Os dados do Instituto de Pesquisa Econômica Aplicada (Ipea) publicados em março de 2020 são de
221.869 como número estimado de pessoas que vivem hoje nas ruas no Brasil, com aumento de 139%
quando comparado com os de setembro de 2012 (SBC, [s.d.]).
De acordo com os dados disponibilizados por Natalino (2020) da ONG Visão Mundial, organização
que atua no Brasil desde 1975, são mais de 70 mil crianças em situação de rua no país. Segundo o
estudo, 51% das crianças têm seus direitos bruscamente violados.
Assim, investir no cuidado infantil e no seu acesso de forma qualificada é o passo mais importante
para gerar oportunidades de sair da pobreza.
A situação de crianças cujos pais se encontram privados de liberdade tem sido foco de preocupação,
considerando o crescente número de crianças acompanhando suas mães nos estabelecimentos
prisionais, submetidas a um ambiente inadequado e insalubre ou em sofrimento devido ao rompimento
do vínculo de convivência familiar de forma brusca com a mãe ou pai que cometeu delito.
Assim, é direito da criança, em qualquer idade, a proteção à vida, à saúde, à liberdade, ao respeito e
dignidade, à convivência familiar e comunitária, à educação, ao esporte e lazer, ao pleno desenvolvimento
como sujeito de diretos e pessoa em condição peculiar de formação para a cidadania (Brasil, 2018).

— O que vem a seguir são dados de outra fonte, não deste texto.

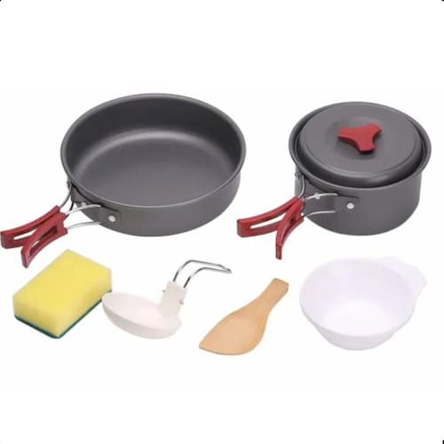 Características gerais: - conjunto de 7 peças para preparar e desfrutar de refeições ao ar livre. - acompanha sacola de transporte para conveniência. - feito com alumínio, aço inoxidável e bakelite para durabilidade. - facilidade de transporte. - revestimento em pó de alta temperatura para acabamento resistente. - 1 frigideira: 150x35mm - 500ml - 1 panela: 153x83mm - 900ml - 1 colher de sopa: 82x20mm - 1 pegador: 123x50mm - 1 esponja: 85x58x29mm - 2 tigelas plásticas: 128x110x38mm

A Política Nacional de Atenção Integral à Saúde das Pessoas Privadas de Liberdade no Sistema
Prisional (Pnaisp), mediante a Portaria Interministerial n. 1, de 2 de janeiro de 2014 (Brasil, 2014c), prevê
a inclusão das unidades prisionais no território da Rede de Atenção à Saúde e a implantação de UBS nos
estabelecimentos penais, com a inserção de uma equipe multiprofissional composta minimamente por
cinco profissionais de nível superior: médico, enfermeiro, psicólogo, assistente social e cirurgião‑dentista;
e um profissional de nível médio: técnico de enfermagem.
50
DIREITOS DA CRIANÇA, DO ADOLESCENTE E DA PESSOA IDOSA
Segundo a Política Nacional de Atenção Integral à Saúde da Criança (Brasil, 2018), a população
negra apresenta indicadores socioeconômicos desfavoráveis em relação às outras. Reconhecidamente
é a mais suscetível a algumas doenças e agravos prevalentes, estas podem ser adquiridas em condições
desfavoráveis, como a desnutrição, a anemia ferropriva, o sofrimento psíquico, o estresse, a depressão,
entre outros.
Portanto, observa‑se que as iniquidades vividas pela população negra causam impactos negativos na
saúde e no desenvolvimento saudável da criança, daí a importância de investir em ações intersetoriais
no território, articuladas com as demais políticas públicas sociais, além da atenção integral à saúde, na
Atenção Básica, complementada na Rede de Atenção à Saúde e da formação e educação permanente
para trabalhadores de saúde, incorporando as reivindicações dos movimentos sociais, dos fóruns de
participação popular e controle social.
De acordo com a Política Nacional de Atenção Integral à Saúde da Criança (Brasil, 2018), a
população quilombola é reconhecida como remanescentes das comunidades dos quilombos. “Os grupos
étnico‑raciais, segundo critérios de autoatribuição, com trajetória histórica própria, dotados de relações
territoriais específicas, com presunção de ancestralidade negra, relacionada com a resistência à opressão
histórica sofrida” (Brasil, 2003, art. 2º). Estima‑se que há, aproximadamente, 3 mil comunidades
quilombolas em todo o território nacional.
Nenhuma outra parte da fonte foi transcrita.